走狗-第11章
帅气笑水蜜桃
1 年前

  尽管两人的卧室内都配有书桌,纪敬却非要趴在纪弘易的懒人沙发上打瞌睡,他将手中的屏幕分成两半,左边放着数学课,右边放着漫画书。开小差开得不着边际之时,他从平板后露出一双狭长的眼睛,纪弘易依旧专心致志地伏在书桌前,似乎连姿势都没有变过。

  现在家中除了管家,再无旁人,就算在家里玩个通宵也不会有人管。纪敬享受了一个月自由自在的日子,直到纪弘易的父母出差回来。

  近期一家临省的新兴科技公司将仿生产品的生命周期延长了一点五倍。在新闻登上电视屏幕之前,纪弘易的父母就带上R&D的精英团队去寻求合作机会。两家公司求同存异,相同的战略目标将他们紧紧捆绑在一起,马拉松似的会议议程填满了他们的日程表。

  夫妻两人是公司的执行官,近一个月都没有睡过几个好觉,半夜梦到的都是以假乱真的仿生小狗在眼前蹦蹦跳跳。纪妈妈到家后就回房休息了;纪爸爸整理完重要资料和会议笔记,拎着一袋开会间隙分发的零食下到一楼大厅,搁到纪弘易手边。

  “你们俩分了吧。”

  纪弘易拆开零食袋,捏住一角抖了抖,各式各样的能量棒和小零食滚落到桌上。其中有一个酒红色的方形礼盒,礼盒上系着红色的礼结,犹如一朵绽开的玫瑰。他捏住丝带一角,扯掉礼结,拿起盖子搁到一边。

  礼盒里装有九块巧克力,都做成了卡通小动物的模样。他拿起一只白色的小兔子,咬下一半后放到手边,继续写起作业。

  脚步声由远及近,顺着旋转楼梯来到他身后。

  纪敬四处张望一圈,小声问:“你爸妈呢?”

  纪弘易咽下融化的巧克力,告诉他:“都去睡了。”

  纪敬这才放下心来,他在纪弘易身旁的椅子上坐下,一眼就看到了桌上的巧克力。

  来到城内之后,他最喜欢的零食就是巧克力。以前他经常和父亲去地下城赶集,可以说是对市场内的商品了如指掌,可就算这样他都没有听说过巧克力的存在。现在来看它可是比海鲜还要珍贵的存在。

  他还记得自己第一次吃巧克力时忍不住将它吐掉了。

  “好苦。”纪敬皱着眉头,“你们怎么会吃这个东西?”

  “黑巧克力会苦一些。”纪弘易换了一块白巧克力给他,“尝尝这个。”

  纪敬半信半疑,咬下一小口。甜腻香浓的巧克力入口即化,立即在味蕾上留下了难忘的记忆。他一边打量手中的巧克力一边暗自感叹:这世界上竟然还有这么好吃的东西。

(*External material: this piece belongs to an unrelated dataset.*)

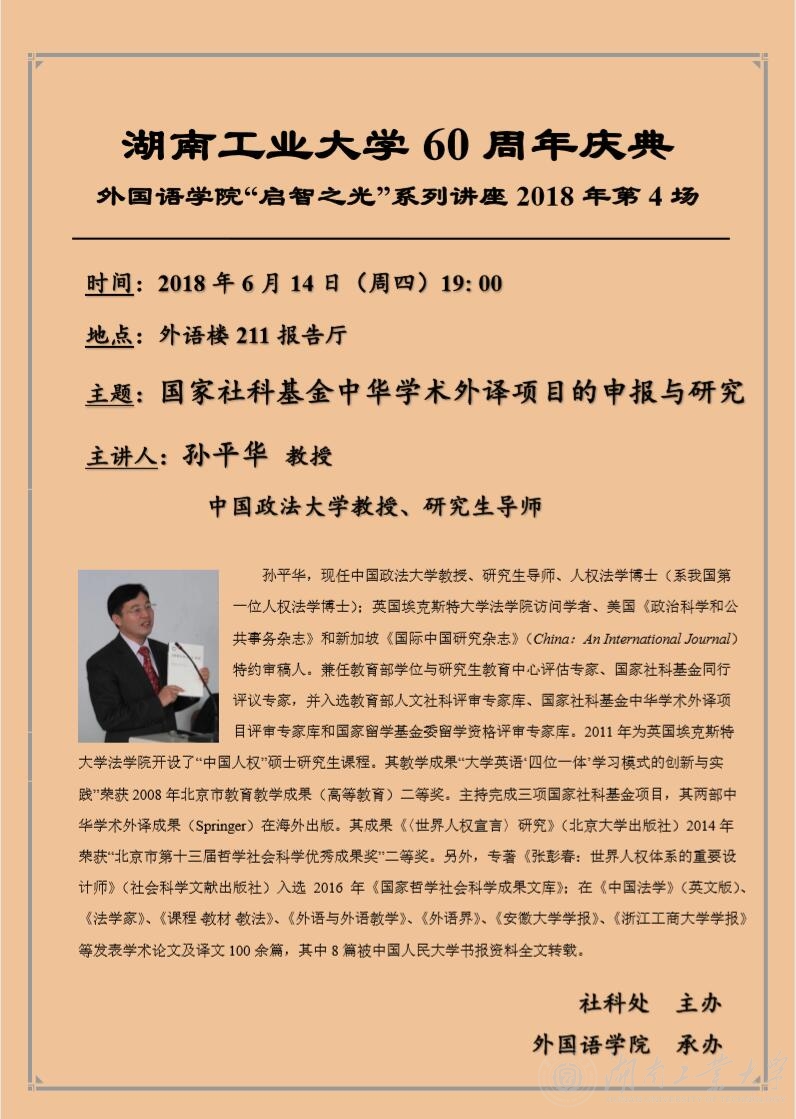【德赢AC米兰官网办学六十周年庆典学术讲座---《国家社科基金中华学术外译项目的申报与研究》】

  纪敬盯着纪弘易手边的礼盒看了好几眼,终于按捺不住好奇心,问道:“你怎么咬了一口又不吃了?”

  “太甜了。”

  “你还会觉得太甜了吗?”

  纪弘易忍俊不禁,“我又不是没有味觉。”他将盒子推到纪敬跟前,纪敬见状立即推辞起来:“上次超市里买的我还没吃完……”

  “这个跟超市里的味道不一样。”纪弘易知道他喜欢吃白巧克力,于是拿起一只鸽子样的巧克力递到他嘴边,“你尝尝。”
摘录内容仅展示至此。